Let’s load the dataset and have a look at it.

import time
sys_start = time.time()
import pandas as pd
import numpy as np
import seaborn as sns
import pickle
import matplotlib.pyplot as plt
%matplotlib inline

# not gentlemen-like but it helps to keep the notebook clean ;)
import warnings
warnings.simplefilter('ignore')


from sklearn.model_selection import StratifiedKFold
from sklearn.preprocessing import MaxAbsScaler
from sklearn.model_selection import GridSearchCV, train_test_split
from sklearn.linear_model import LinearRegression, BayesianRidge
from sklearn.svm import SVR
from sklearn.tree import DecisionTreeRegressor
from sklearn.ensemble import RandomForestRegressor
from skgarden import MondrianForestRegressor
from sklearn.model_selection import GridSearchCV
from sklearn.metrics import r2_score, mean_squared_error, make_scorer, mean_absolute_error, median_absolute_error
import xgboost


input_data = pd.read_csv("./data/Metro_Interstate_Traffic_Volume.csv")
display(input_data.sample(10))
holiday temp rain_1h snow_1h clouds_all weather_main weather_description date_time traffic_volume
4457 None 268.730 0.00 0.0 1 Clear sky is clear 2013-03-22 14:00:00 5807
31822 None 279.220 0.00 0.0 90 Clouds overcast clouds 2017-03-17 13:00:00 5857
46859 None 293.550 0.00 0.0 90 Rain heavy intensity rain 2018-08-20 08:00:00 5349
31249 None 272.950 0.00 0.0 90 Clouds overcast clouds 2017-02-23 17:00:00 6257
12900 None 278.970 0.00 0.0 20 Clouds few clouds 2014-03-14 00:00:00 673
31078 None 269.979 0.00 0.0 0 Clear Sky is Clear 2017-02-17 05:00:00 2577
26327 None 292.150 10.16 0.0 90 Rain heavy intensity rain 2016-09-05 04:00:00 278
33307 None 283.260 0.00 0.0 75 Clouds broken clouds 2017-05-02 12:00:00 4693
32796 None 281.890 0.00 0.0 1 Clear sky is clear 2017-04-18 00:00:00 596
20656 None 255.510 0.00 0.0 90 Haze haze 2016-01-16 12:00:00 4601

We have to create a few categorical features here:

#categorical encoding
input_data['holiday'] = pd.Categorical(input_data['holiday']).codes
input_data['weather_main'] = pd.Categorical(input_data['weather_main']).codes
input_data['weather_description'] = pd.Categorical(input_data['weather_description']).codes
input_data['year'] = input_data['date_time'].map(lambda x: int(x.split(" ")[0].split("-")[0]))
input_data['month'] = input_data['date_time'].map(lambda x: int(x.split(" ")[0].split("-")[1]))
input_data['day'] = input_data['date_time'].map(lambda x: int(x.split(" ")[0].split("-")[2]))
input_data['hour'] = input_data['date_time'].map(lambda x: int(x.split(" ")[1].split(":")[0]))
input_data.drop(['date_time'], axis=1, inplace=True)

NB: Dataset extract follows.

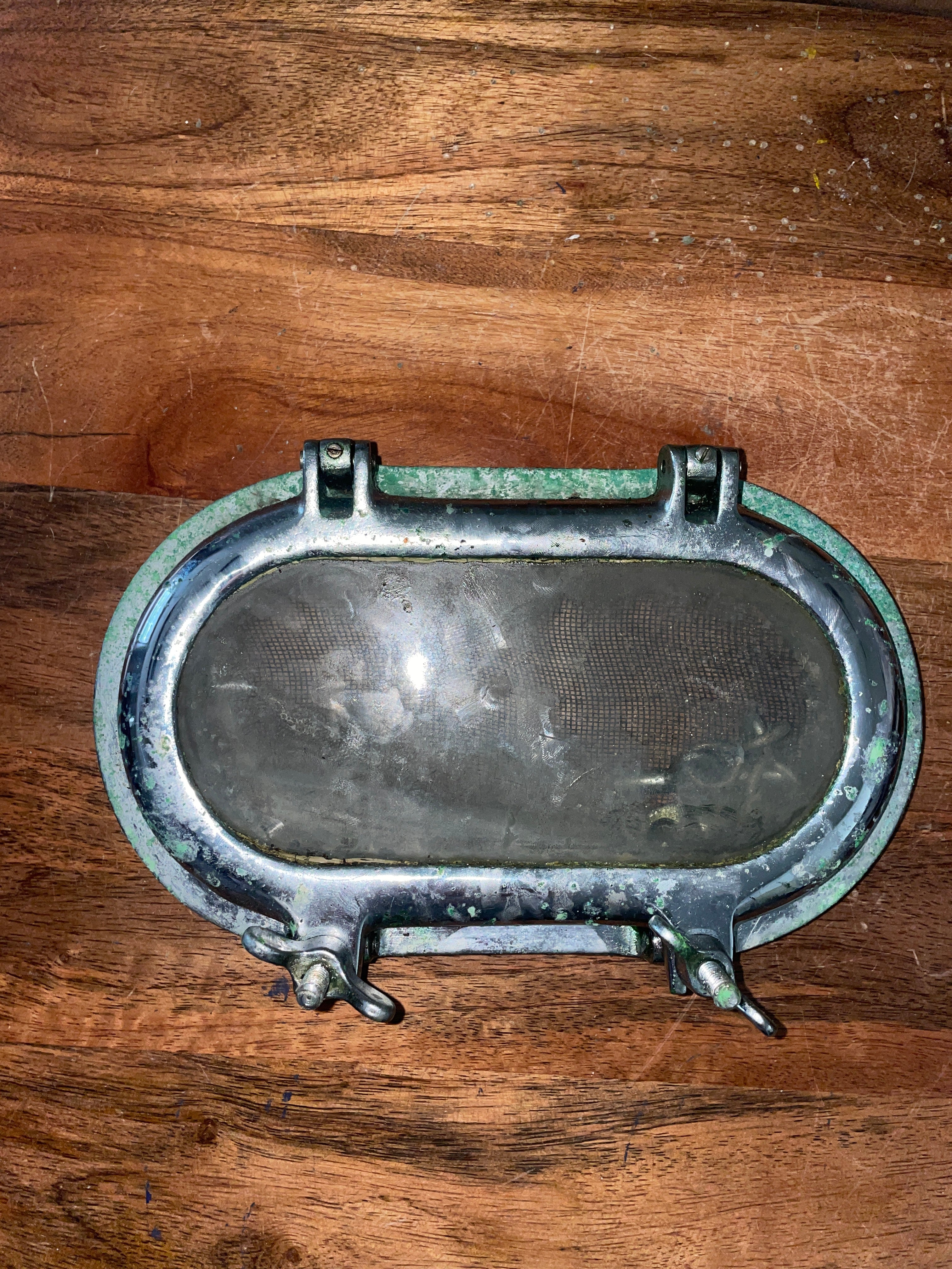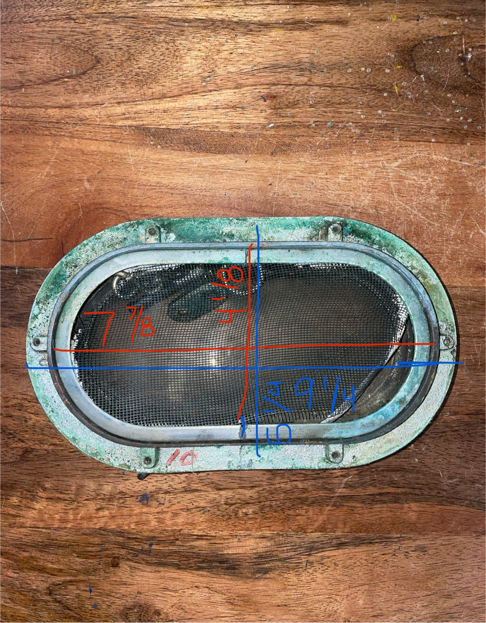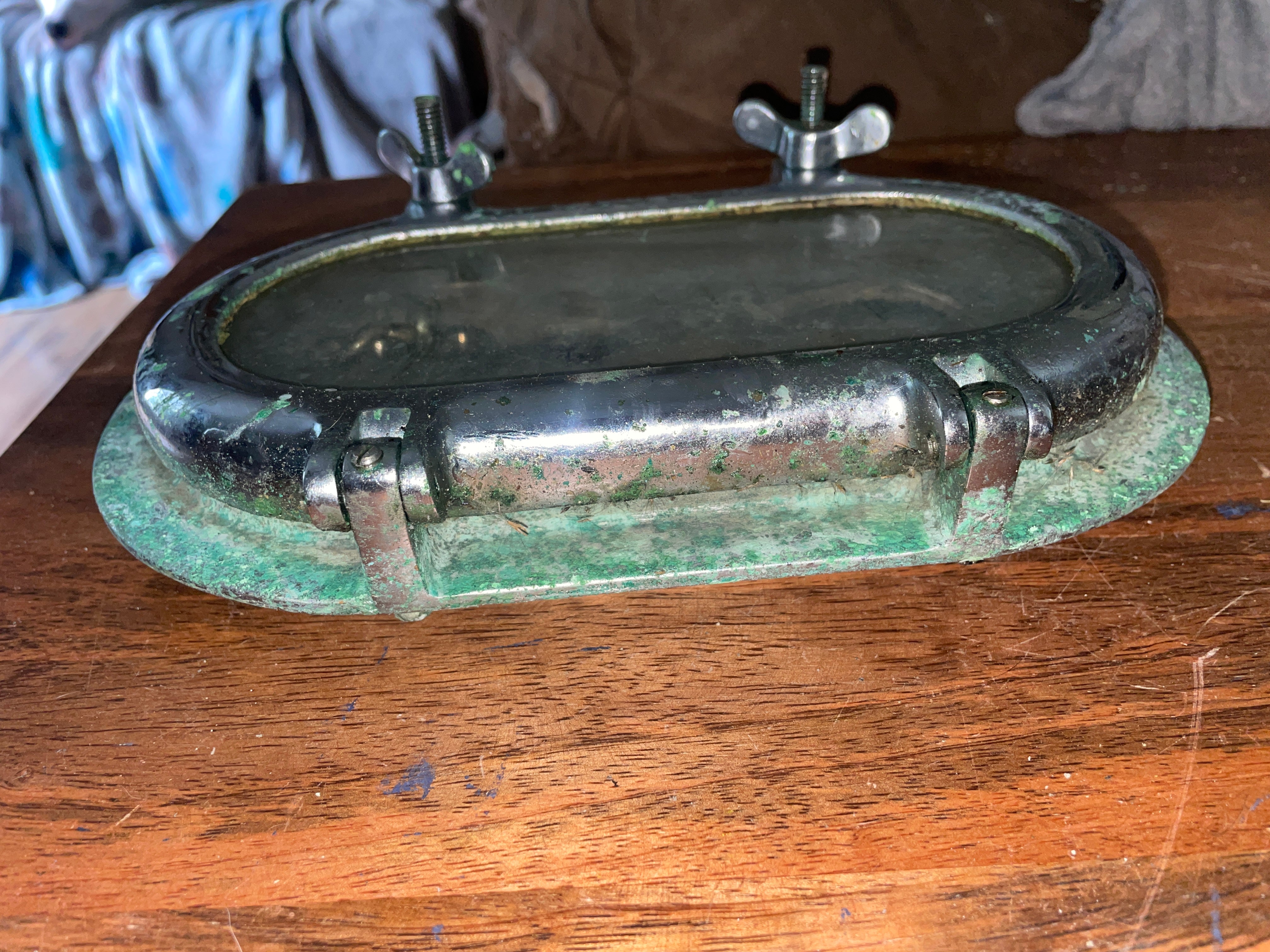 This chromed bronze opening portlight is in good condition. Has the pitting on the outside as you can see. Opens as it should. This portlight is glass. The screen is ripped so would need to be replaced. The inside diameter of the port is 8” long x 4 1/8” wide. The other all diameter of the port is 9 1/4” long x 5 1/4” wide.

display(input_data.sample(10))
holiday temp rain_1h snow_1h clouds_all weather_main weather_description traffic_volume year month day hour
10428 7 262.96 0.0 0.0 64 8 16 508 2013 12 5 0
34836 7 288.89 0.0 0.0 40 1 24 2042 2017 6 25 22
35513 7 292.28 0.0 0.0 20 3 5 6446 2017 7 20 7
30541 7 272.65 0.0 0.0 1 0 27 6054 2017 1 27 17
42067 7 274.79 0.0 0.0 90 8 15 3586 2018 3 5 10
19578 7 276.49 0.0 0.0 90 2 3 538 2015 11 19 0
26579 7 288.13 0.0 0.0 1 0 27 4405 2016 9 13 11
19624 7 265.84 0.0 0.0 40 1 24 299 2015 11 22 4
5113 7 271.15 0.0 0.0 90 8 10 459 2013 4 14 5
13139 7 265.16 0.0 0.0 20 1 4 903 2014 3 23 23

It’s time to visuazile the distribution of features.

Let’s throw a bunch of algorithms at it and see what happens ;).

So far we predicted traffic volume based on measurements/predictions for various environmental conditions. However, we could treat this as time series as well.

These results are not satisfactory. I have no intention for deeper investigation since I basically wanted to have a quick look at the dataset and ended with throwing my brute-force pipeline at it ;).